Coast Guard Nixes Sodomy Challenge

Military appeals court upholds conviction for seaman’s straight sex aboard a vessel

A unanimous five-judge panel of the U.S. Coast Guard Court of Criminal Appeals has refused to vacate a conviction for consensual sodomy, finding that it must continue to apply the military sodomy law until a higher appeals court can determine that the U.S. Supreme Court’s decision in Lawrence v. Texas requires the military to abandon such prosecutions.

The May 14 decision written by Chief Judge Joseph Baum also suggested that consensual sodomy between heterosexuals on a ship could be treated differently from the kind of conduct addressed in the Lawrence case.

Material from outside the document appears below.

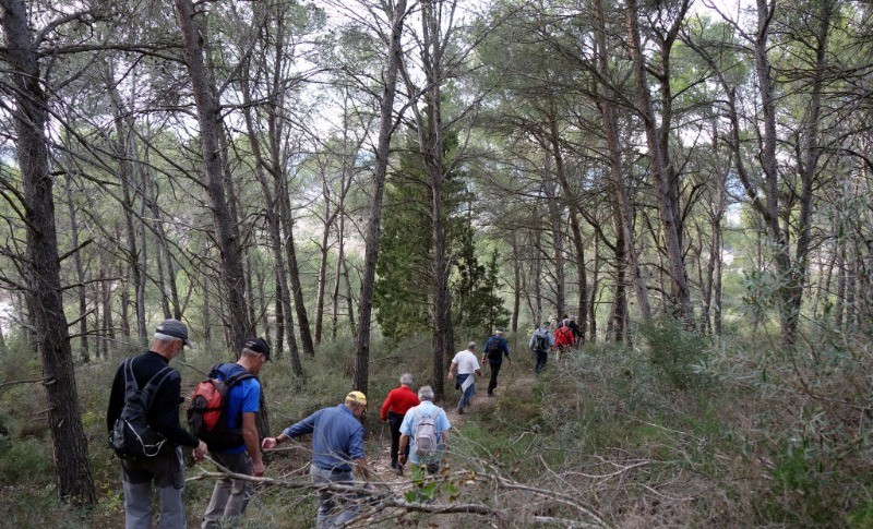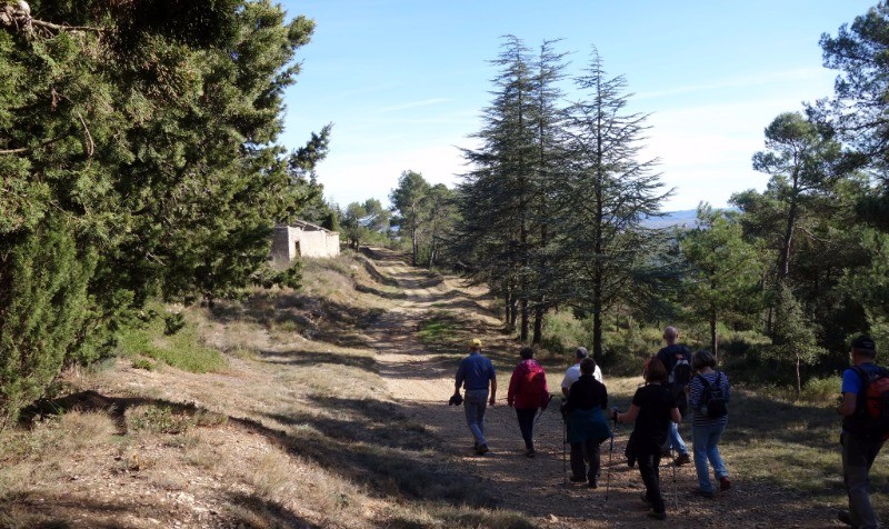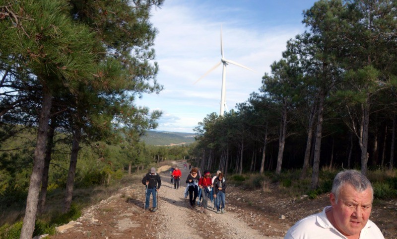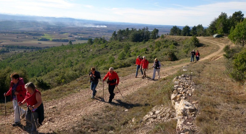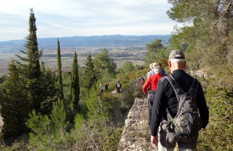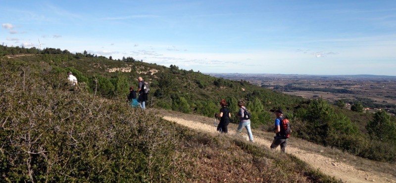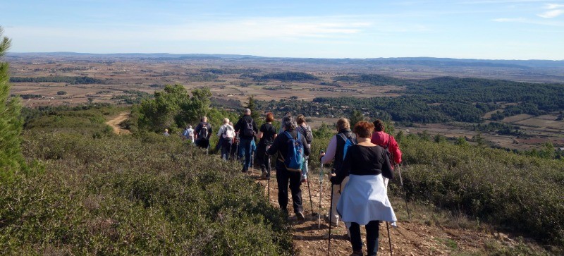 Il est bon, quand il fait beau, de gravir les sentiers caillouteux de la colline d'Oupia... ça repose le corps et l'esprit de marcher sur la Serre au petit bonheur ... partir pour partir, rêver, oublier. Nous pesons sur les batons de tout notre poids, de tout notre coeur. Nous doutons des vignes, nous voyons très bien, n'y pensons pas, chantons en coeur la chanson qui me reste : " Sur la serre d'Oupia les Sans-eymes sont là ..."

Shams I. Abdul-Rahman, a seaman apprentice in the Coast Guard, was charged with unlawfully entering the women’s berth on his ship, the Coast Guard cutter Rush, and “engaging in sexually explicit behavior with four different females on board.” The charges included “one specification of sodomy with a female third class cadet.” Although the prosecution originally charged non-consensual sodomy, ultimately Abdul-Rahman was allowed to plead guilty to consensual sodomy. He was sentenced to a bad conduct discharge and 180 days in the brig.

In appealing his sentence, Abdul-Rahman argued that under last summer’s Supreme Court’s decision in Lawrence v. Texas, which held that the Constitution does not allow states to make it a crime for same-sex partners to engage in oral or anal sex, the military sodomy law, found in Article 125 of the Uniform Code of Military Justice, could not constitutionally be applied to his consensual sodomy with a woman.

Prior cases rejecting constitutional challenges to the military sodomy law were based on Bowers v. Hardwick, the 1986 Georgia sodomy case that the Supreme Court overruled in Lawrence, and the Coast Guard criminal appeals court took the position that until the highest military appeals court, the U.S. Court of Appeals for the Armed Forces, rules on the impact of Lawrence in the military sphere, the Bowers precedent must be applied.

Baum also wrote that even if Bowers were not the ruling precedent, “We believe there are reasons to find Lawrence v. Texas inapplicable to the facts in this case.” According to the ruling, Abdul-Rahman was not lawfully in the women’s berthing area, an area that is not a particularly private place, unlike the private apartment where the arrests were made in the Lawrence case, and most significantly, “the Coast Guard has a legitimate military interest that would justify its intrusion into any sexual act occurring aboard a Coast Guard cutter.”

Baum also noted that even though the final guilty plea was to consensual sodomy, Abdul-Rahman had been charged with non-consensual acts, casting doubt on whether his conduct should be found to qualify for the kind of treatment accorded under Lawrence.

Other cases are pending in the military trial system raising the constitutionality of Article 125, so this case will not be the last word on the issue, but the federal courts have long granted special deference to the Pentagon’s position that rights and liberties commonly upheld in civilian life do not necessarily deserve protections in the military sphere. It remains uncertain whether Lawrence v. Texas will ultimately be held to have decriminalized all consensual sodomy in the military, especially sodomy involving shipmates in the Coast Guard or the Navy while aboard their vessel.